Character Clues

Character Clues

Character Analysis

Speech and Dialogue

In Titus Andronicus language use is an indicator of how much power a character has. Take Lavinia, for example. At the beginning of the play, she is completely silent when Bassianus and Saturninus fight over who will marry her (and nobody bothers asking her what she wants). This suggests that Lavinia is an object of desire, not a figure whose desires are relevant to those around her. Later Lavinia is brutally silenced when her rapists, Demetrius and Chiron, cut out her tongue. (This is also why it's so fitting that Titus orders that Demetrius and Chiron be gagged just before he bakes them into a pie: "[...] bind them sure, / And stop their mouths, if they begin to cry" (5.2.17). After Aaron confesses to being the mastermind behind all of Titus's suffering, Lucius orders him bound and gagged as well: "Sirs, stop his mouth, and let him speak no more" (5.1.14). Up to this point, Aaron has been in almost total control, but here he can no longer "torment [the Andronici] with [his] bitter tongue"(5.1.12).

Sex and Love

A character's sex life can tell us a lot about his or her character in this play. Tamora's sexuality is meant to align her with viciousness, cruelty, and immorality. When Saturninus says he's thinking about making Tamora his empress, she responds by promising to be a "handmaid to [his] desires." Tamora doesn't really care about Saturninus, but she promises to keep him very satisfied in exchange for power, which suggests that she is willing to do just about anything for the kind of power that will enable her to get back at the Andronicus family. This includes encouraging her sons to rape Lavinia while she's off rolling around in the forest with Aaron. Did we mention that Tamora's secret affair with Aaron continues even after she's married to Saturninus?

Lavinia, on the other hand, is chaste and virtuous, which signals her innocence. (In Shakespeare's day, being "chaste" meant that a woman was a virgin when she got married, and after her wedding night she was completely faithful to her husband.) In fact, the play goes out of its way to demonstrate that, even after Lavinia is raped, she remains virtuous. When Marcus finds Lavinia after she's been assaulted, she turns away in "shame" when he guesses that she was raped.

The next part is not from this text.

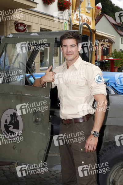 Philipp Danne am Set des ARD-Fernsehfilms 'Der Ranger - Paradies Heimat' auf dem Marktplatz. Stadt Wehlen, 14.08.2019

She also blushes (despite the fact that she's lost a lot of blood):

Ah, now thou turn'st away thy face for shame!
And, notwithstanding all this loss of blood,
As from a conduit with three issuing spouts,
Yet do thy cheeks look red as Titan's face
Blushing to be encountered with a cloud.
(2.4.1)

Compare Lavinia's extraordinary ability to blush with Aaron's refusal (or inability?) to blush when his adulterous affair with Tamora is discovered: "Fie, treacherous hue, that will betray with blushing / The close enacts and counsels of the heart!" (4.2.18).

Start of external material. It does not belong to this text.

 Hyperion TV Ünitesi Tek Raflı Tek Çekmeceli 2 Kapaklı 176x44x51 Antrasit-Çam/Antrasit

Social Status (Race and Nationality)

Early on in Titus Andronicus, we're led to believe that Goths and Moors are "barbarous" and the Romans are civilized. Marcus enters the stage and declares that Titus has been at war with the "barbarous Goths" (1.1.1), who are soon paraded through town like captive animals. Later, Bassianus accuses Aaron of being a "barbarous Moor" (2.3.2). But Shakespeare soon makes it clear that there's not much difference between the Romans, Goths, and "Moors." Just about everyone in this play participates in the destructive cycle of violence and revenge. Titus sacrifices Tamora's eldest child (1.1), Aaron and Tamora encourage Demetrius and Chiron to rape Lavinia (2.3), and so on. For more on this topic, see "Themes: Race."